A mesma distorção histórica pode ser constatada na linguagem de Santos e Gauthier (1999, p. 23), quando discutem o conceito de instituído, instituínte e institucionalização. Segundo eles, o instituído caracteriza-se pelas relações de poder, recalcamento e normalização do estabelecido; enquanto o instituínte apresenta-se como renovador, revolucionário, portanto, questionando o instituído; finalmente, surge a institucionalização como resultante da crise instalada pelo questionamento do instituído pelo instituínte, que, num momento dialético o instituínte passa a ser o instituído, mudando as relações de poder para instaurar um modelo menos opressivo, porém perdendo seus vínculos e características históricas de luta por transformações. O que bem se aplica ao Efeito Mühlmann que: “(...) no âmbito da enfermagem, refere-se ao caráter paradoxal quanto ao fato da instituição nascer e se desenvolver utilizando-se do fracasso da sua própria profecia inicial”. Uma vez que, as profetas do modelo nightingaleano fracassaram, porque o que declararam instituínte e questionador de um modelo francês para a profissionalização de enfermagem, em vigor desde 1890, com ênfase na saúde mental – acabou por se tornar burocrático devido ao seu caráter exclusivamente administrativo de conceber, tanto o processo de formação voltado para atuação em nível preventivo de doenças e epidemias, quanto a sua dimensão nos campos de prática hospitalar excessivamente condicionada ao saber médico. Aliás, controvérsia que traz em sua essência, ainda que meio travestida de “boas intenções” a bandeira feminista.

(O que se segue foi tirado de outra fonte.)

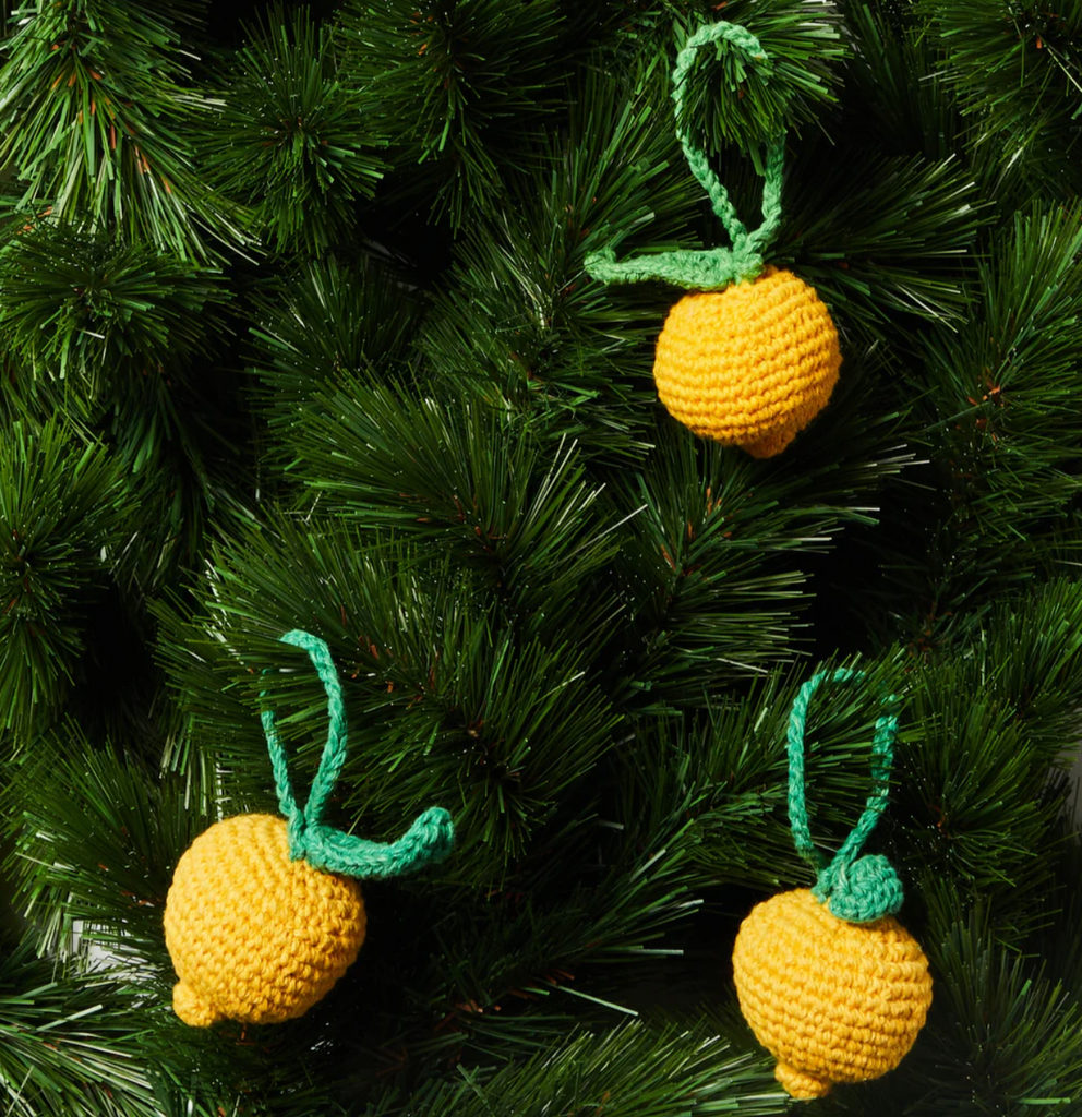 Brighten up your holiday celebrations with this sweet hand-crocheted cotton Christmas tree ornament shaped like a cheerful lemon. Inspired by the zesty fruit that brings to mind freshness and sunshine, our Lemon Christmas Decoration adds a delightful touch to both traditional and modern holiday themes. Cover your tree in lemons, or mix and match this design with other fruit decorations for a tutti-fruity festive look.

Creio de suma importância esclarecer alguns aspectos lingüísticos próprios dos modelos franco-brasileiro e anglo-americano acerca da profissionalização de Enfermagem no Brasil, respectivamente o primeiro e o segundo implantados no país e que fizeram muita diferença para a questão de gênero. Em primeiro lugar, no que concerne ao modelo franco-brasileiro, as missionárias francesas não tiveram o menor problema ao denominar a primeira Escola Profissional de Enfermeiros e Enfermeiras, posto que, em francês, tanto existe o substantivo masculino infirmier (enfermeiro) quanto o substantivo feminino infirmière(enfermeira), portanto, não havendo razões menores que justificassem a subestimação de um gênero em relação ao outro, seja na linguagem escrita ou falada, seja na mera luta por conquista de espaço exclusivamente feminista. Quanto ao modelo anglo-americano, este já aportou no Brasil trazendo na bagagem o jargão da primeira conquista do movimento feminista, somadas as dificuldades de enquadramento do masculino em seu contexto que começam pela caracterização do feminino até mesmo no substantivo nursing (enfermagem, ama-de-leite, amamentação etc.), bem como no substantivo feminino nurse (enfermeira, ama-seca, governanta etc.), tudo remetendo a imagem da mulher em suas atividades domésticas. Porém, para se enquadrar o masculino em inglês na enfermagem é preciso usar o substantivo male nurse, o que se constitui num desgaste sem necessidade  e revela barreiras e dificuldades essenciais (MACHADO, 2002, p. 281).

Oportuno também se faz observar que essa “guerra dos sexos”, no âmbito de outras profissões tem pouca ressonância formal, mesmo naqueles tradicionais espaços femininos, como o da nutrição e serviço social, em cujos contingentes quantitativos proporcionais, a presença  masculina é significativamente inferior ao da enfermagem. Ademais, a emergência do feminino em espaços demarcados pelo gênero masculino, como a engenharia, medicina, odontologia, entre outros, é fato incontestável na sociedade ocidental e responsável pela nova performance das profissões para o terceiro milênio. Então, por quê tanta celeuma?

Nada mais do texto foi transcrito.